What is the nature of what your company's offering?

Where is your offering in the mix?

If a company is not highly focused, they all may seem to apply. Sometimes company's have multiple offering that might not group together on the chart. This might appeal to a broader group of customers, or require different approaches to market.

The goal of thinking about this is to see if you can:

  1. Anticipate what will matter to the customer?
  2. Gain better customer insight by bringing some structure to your customer interactions?
  3. Implement a process or model that makes it easier to figure out what to do about it, once you've discovered what matters to the customer.
  4. Convert  a structured like this into a process that drives customer awareness into the written proposal?

You can use this model to connect the dots and streamline the transition from sales to the proposal.
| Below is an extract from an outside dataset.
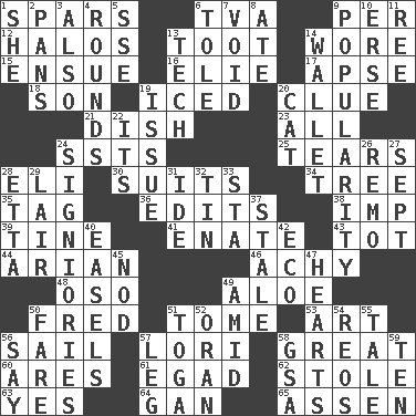 ACROSS 1. Practice fights 6. Federal power corp. 9. For each 12. Saint headwear 13. A blast of a horn 14. Had on 15. Follow as a consequence or result 16. Writer Wiesel 17. Domed church section 18. Male child 19. On the rocks 20. A slight indication 21. Food container 23. 100% 24. Fast planes 25. Lacerates 28. Biblical high priest 30. Sets or collections 34. Relationship diagram 35. Label 36. Prepares for publication 38. Mischievous child 39. Prong on a fork 41. Maternal 43. Small child 44. Believer in; advocate of (suffix) 46. Painful 48. Bear (Spanish) 49. Medicinal plant 50. Flintstone 51. Heavy book 53. Tate display 56. Move on water 57. Australian parrot (variant) 58. Relatively large 60. Ancient Greek god of war 61. Mild oath 62. Fur scarf 63. It is so 64. Separate the seeds from cotton 65. NE Netherlands city DOWN 1. A female animal or person 2. Zero-star reviews 3. In addition 4. Periods in a boxing match 5. Compass dir. 6. Lacquered or enameled metalware 7. Lacking any legal or binding force 8. Had dinner 9. Teen's desire 10. Celtic language 11. Portuguese money of account (variant) 13. Technical 14. Place for singles 19. Come out of 20. Domesticated feline 22. It is 24. Seigniories (variant) 26. San ____ (Riviera town) 27. Back-to-school mo. 28. Singer James 29. Den 31. Binary compound 32. Shallow baking pan 33. R.R. building 37. Lacking originality or spontaneity 40. Artist's stands 42. Environmental prefix 45. Dreamland 47. Centers of feelings and intuitions 49. Among 50. Conductor's collection 51. Ancient Roman robe 52. NW Algerian seaport 54. Vintage cars 55. Falsehood 56. Declare 57. Part of a journey 58. Girls' org. (abbr.) 59. "___ Little Indians"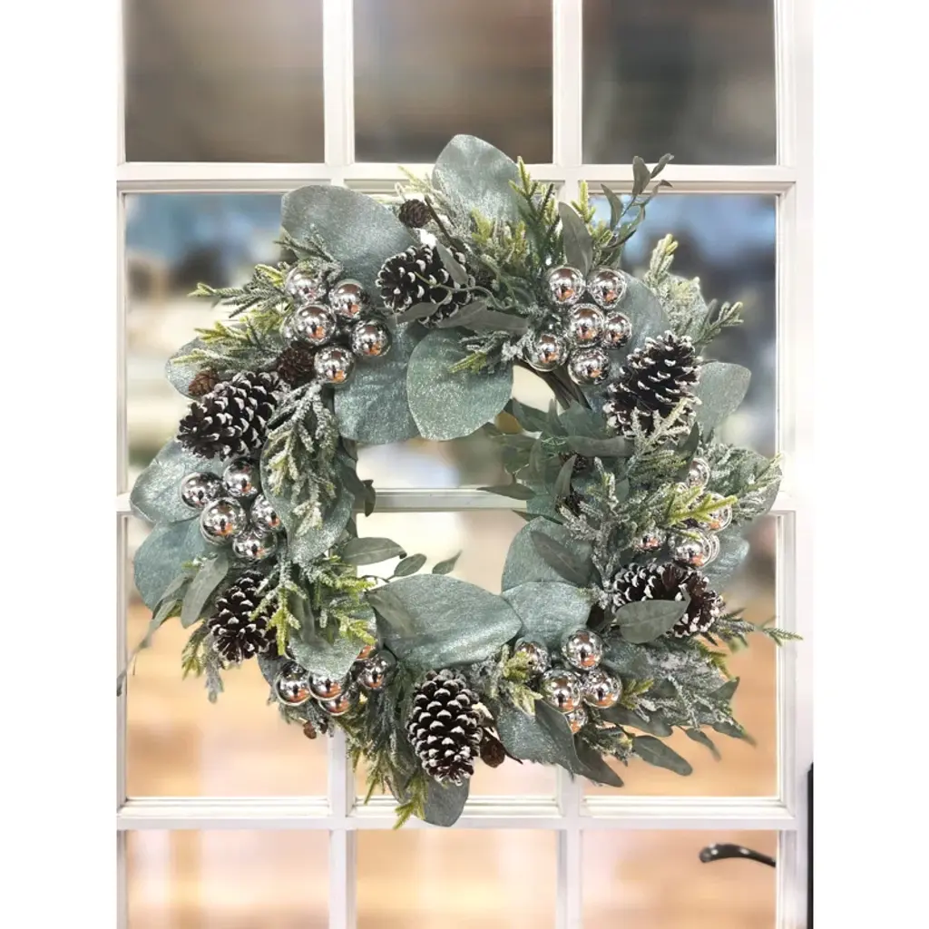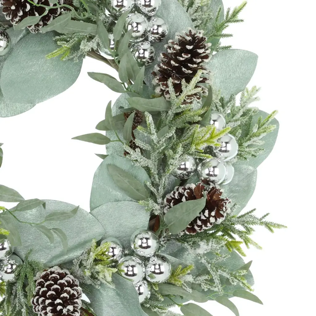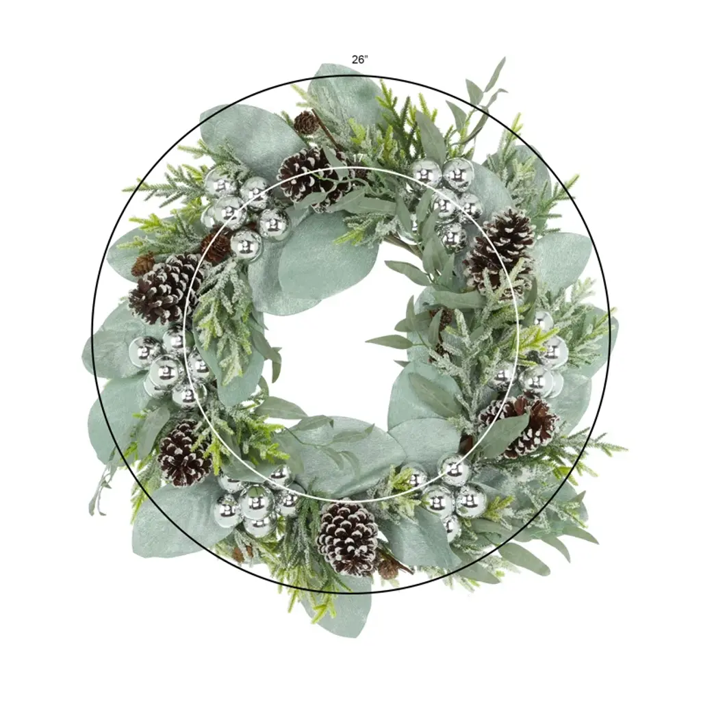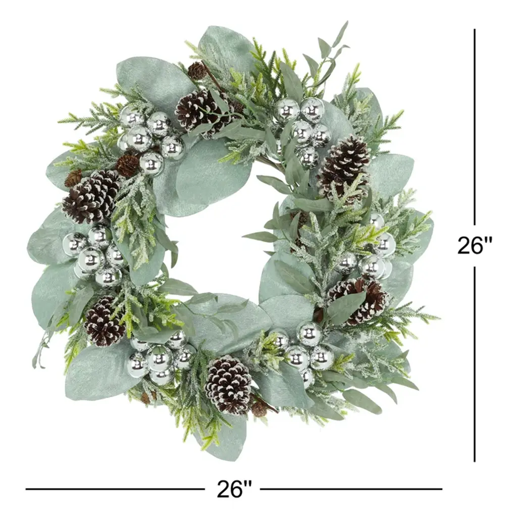 26'' Holiday Wreath Arranged With Flocked Spruce, Pinecones And Ornaments

You can also use it to increase win probability, by bringing a little structure to your message development instead of making it up during proposal writing.

 

Discussion topic: To design your process, you need to honestly assess what your company offers so that you can implement a process that guides people to discover the customer's concerns and address them with the correct positioning. Different people in your company may have a different perception of your offerings, making the discussion itself a valuable exercise, separate from the process considerations. Also, your current offerings may different from past or future intended offerings. Ultimately it is not even your perceptions that matter. Use the chart to discover what matters to the customer and how to position accordingly.